The Syrian Army’s main forces are advancing toward Aleppo; meanwhile, the Russian Air Force is bombing relentlessly; its Navy held a large drill off the Syria coast on 3 December with test launches of hypersonic and Kalibr cruise missiles; and Wagner and the Iraqi Hash’ad forces (Iraqi PM forces that are now part of the Iraqi army) are grouping on the ground in support of the Syrian Army.
Israeli Intelligence Chief’s lately have begun to scent problems with this ‘clever initiative’ that dovetails so exactly with Israel’s pause in the Lebanon fighting; With the supply route from Syria cut, Israel then – in theory – would be in a position to commence ‘Part Two’ of its attempted onslaught on Hizbullah.
But wait … Israeli Channel 12 reports the possibility that events in Syria are creating threats against Israel “where Israel would be required to act”.
Shades of ‘Kursk’ – rather than Hizbullah being weakened, Israel adds to its military commitments? Erdogan too, may have wrong-footed himself with this gamble. He has infuriated Moscow and Tehran, and is being flailed at home for siding with the U.S. and America against the Palestinians. Further, he has drawn no Arab support (apart from a Qatari studied ambivalence).
Yes, Erdogan has cards to play in the relationship with Putin (control of naval access to the Black Sea, tourism and energy), but Russia is an ascendant great power and can afford to play some hardball in negotiations with a weakened Erdogan. Iran also has cards to play: ‘You, Erdogan, equipped the jihadists with Ukrainian drones; We can deliver the same to the Kurdish Workers Party’.

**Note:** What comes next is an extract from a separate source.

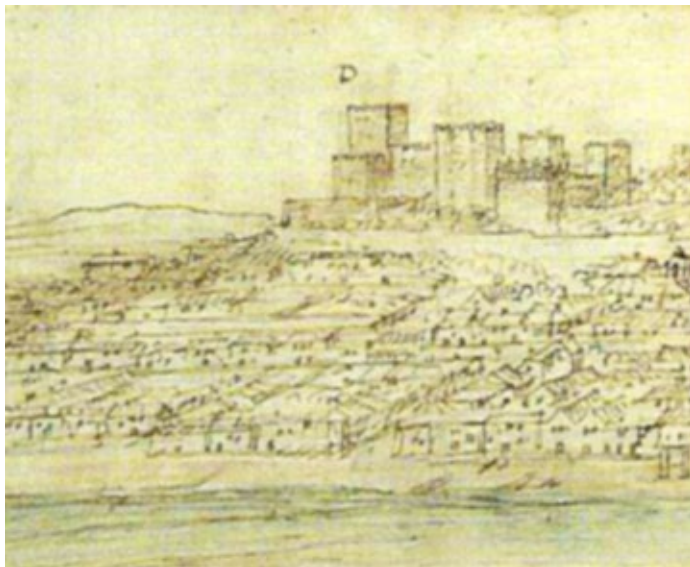
Figura 3. Detalle de la vista de Sanlúcar de Antón Van den Wyngaerde realizada en 1567, Ashmolean Museum de Oxford.

In the background is the bellicose language emerging from Team Trump, some of whom take harshly aggressive and hardline positions. These Israel-Firster and hawkish appointees by Trump likely emit their bluster as much to project an image of Trumpist strength to the American public, as to project a substantive project.
Trump is known for waving a big stick – and when he has played that tune for a little while, he slips in from behind, to complete a deal.

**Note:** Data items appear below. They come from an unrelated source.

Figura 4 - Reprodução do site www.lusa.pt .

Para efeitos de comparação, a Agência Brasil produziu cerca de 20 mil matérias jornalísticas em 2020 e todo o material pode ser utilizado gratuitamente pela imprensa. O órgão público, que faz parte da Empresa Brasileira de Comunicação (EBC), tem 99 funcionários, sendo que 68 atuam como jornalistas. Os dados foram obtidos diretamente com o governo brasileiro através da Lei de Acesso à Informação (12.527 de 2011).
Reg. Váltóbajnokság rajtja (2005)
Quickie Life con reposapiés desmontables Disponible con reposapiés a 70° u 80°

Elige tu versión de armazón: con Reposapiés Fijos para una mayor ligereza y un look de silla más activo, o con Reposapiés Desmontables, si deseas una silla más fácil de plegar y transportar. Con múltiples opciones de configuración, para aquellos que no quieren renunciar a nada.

So we have had (from Trump): “If the hostages are not released prior to January 20, 2025, the date that I proudly assume Office as President of the United States, there will be ALL HELL TO PAY in the Middle East”.
In the ‘Middle East’? To whom exactly is this addressed? And what does it suggest? (No mention of the thousands of Palestinian detainees and prisoners held by Israel)? Sounds more like Trump has sipped at the Israeli Kool-Aid: ‘All problems derive from Iran’; Israel is the innocent adrift a sea of regional malignity.
Trump’s disciples believe Trump will impose his will to achieve ‘quiet’ in the Middle East – and impose on Putin an end to the Ukraine War. They are convinced Trump can ‘cut a deal’ in the form of an offer to Putin that he cannot refuse. (For, ‘the current ‘owners of the world’ are never going to let China/Russia just waltz in, form BRICS and assume the position of World Hegemon’).
It is a return to the old formula of Zbig Brzezenski: Promise Putin normalisation with U.S. (and Europe) and full sanctions relief, and pull Russia back into the western sphere – severed from a besieged China and Iran (with BRICS scattered to the wind under threat of sanctions).
It fails, however, to take account of how much the world has transitioned in the intervening years since ‘Trump One’. Bluster simply doesn’t carry the effect it used to: America isn’t what it was; nor is it obeyed as it once was.
Does Trump understand this accelerating global metamorphosis (as Will Schryver puts it), that “the only deal to be made with Russia is that of agreeing to the terms Russia dictates”:
“That’s what happens in the real world when you win a big war. And make no mistake, in this war, the Ukrainians have been slaughtered, the U.S./NATO has been humiliated, and the Russians are emerging from it indisputably triumphant, and more powerful on the world stage than they have been since the peak of Soviet strength decades ago”.
In other words, ‘big stick; quick deal’ may not answer to the new world of today.
Putin, in response to a questioner at Astana on 29 November, repeated an earlier warning:
“Let me underscore the key point: the essence of our proposal [on Ukraine, given at the Russian Foreign Ministry] is not a temporary truce or ceasefire, as the West might prefer – to allow the Kiev regime to recover, rearm, and prepare for a new offensive. I repeat: we are not discussing freezing the conflict, but its definitive resolution”.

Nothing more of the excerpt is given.